### Description of the task
Exactly as they appear, copy the lines from the one holding "Ventilátor je univerzální" through the end of the records, leaving pictures out.
· · · · ·
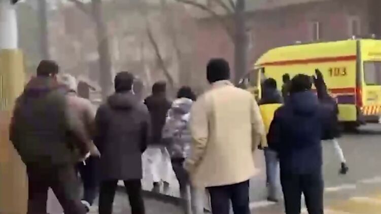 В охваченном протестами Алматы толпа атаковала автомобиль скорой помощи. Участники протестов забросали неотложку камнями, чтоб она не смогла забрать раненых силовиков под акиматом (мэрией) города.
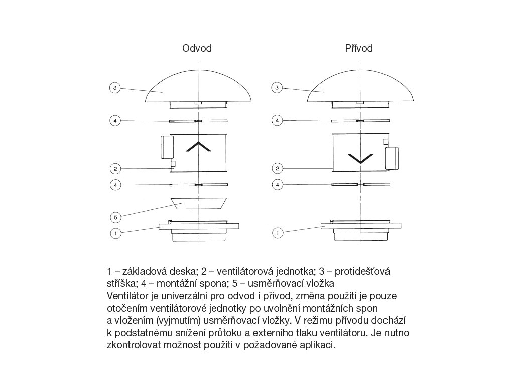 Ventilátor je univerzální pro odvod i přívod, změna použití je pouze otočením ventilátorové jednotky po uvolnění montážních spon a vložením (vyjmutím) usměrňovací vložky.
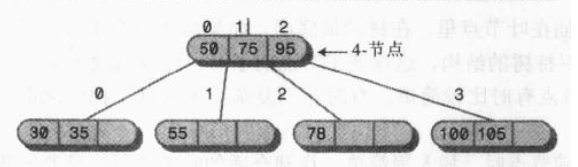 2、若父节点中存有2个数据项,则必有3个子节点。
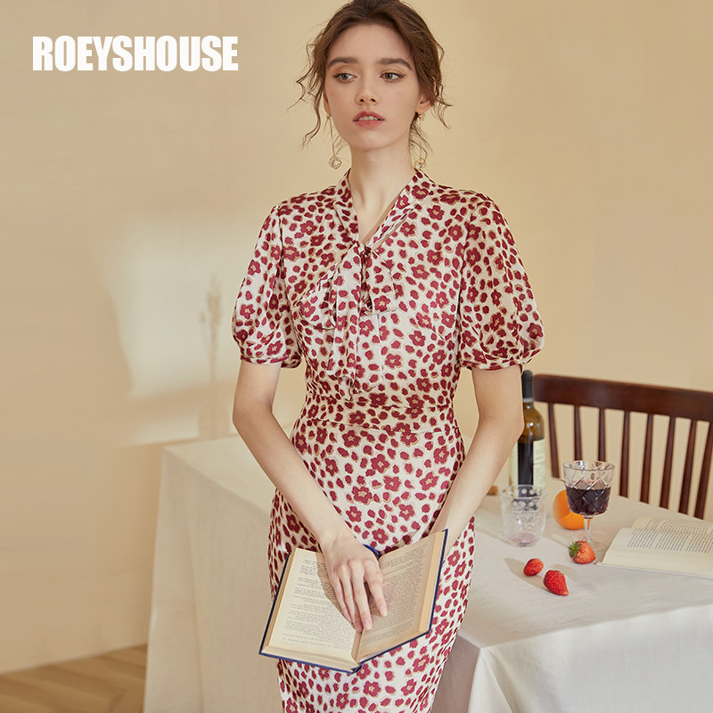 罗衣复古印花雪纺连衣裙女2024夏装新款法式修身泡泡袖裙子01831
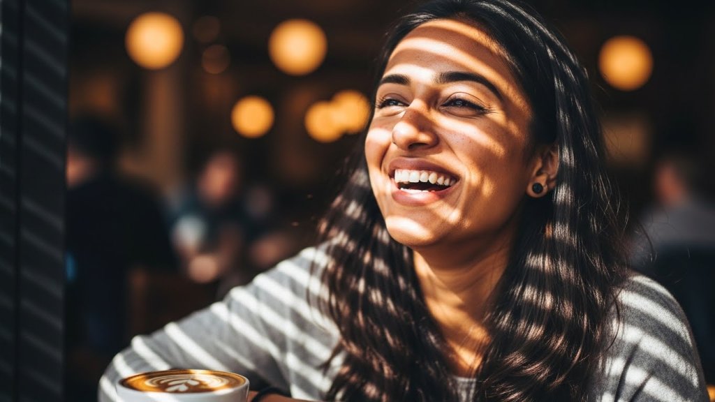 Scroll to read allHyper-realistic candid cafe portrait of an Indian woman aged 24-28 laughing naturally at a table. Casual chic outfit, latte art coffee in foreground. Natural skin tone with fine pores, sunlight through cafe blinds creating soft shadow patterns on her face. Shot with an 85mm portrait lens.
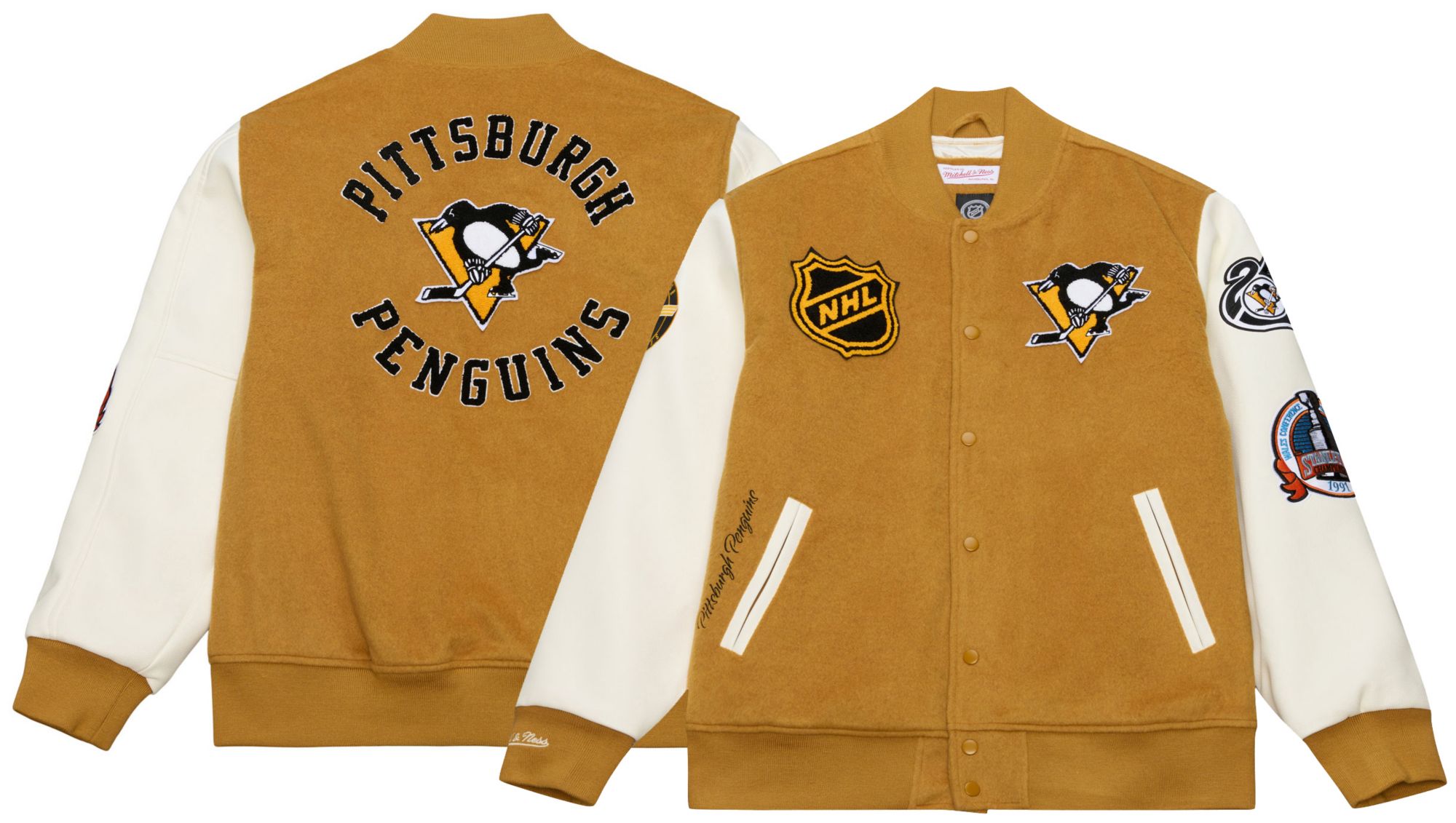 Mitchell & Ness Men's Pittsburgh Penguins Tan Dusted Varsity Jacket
· · · · ·
### Response to this task
 Ventilátor je univerzální pro odvod i přívod, změna použití je pouze otočením ventilátorové jednotky po uvolnění montážních spon a vložením (vyjmutím) usměrňovací vložky.
 2、若父节点中存有2个数据项,则必有3个子节点。
 罗衣复古印花雪纺连衣裙女2024夏装新款法式修身泡泡袖裙子01831
 Scroll to read allHyper-realistic candid cafe portrait of an Indian woman aged 24-28 laughing naturally at a table. Casual chic outfit, latte art coffee in foreground. Natural skin tone with fine pores, sunlight through cafe blinds creating soft shadow patterns on her face. Shot with an 85mm portrait lens.
 Mitchell & Ness Men's Pittsburgh Penguins Tan Dusted Varsity Jacket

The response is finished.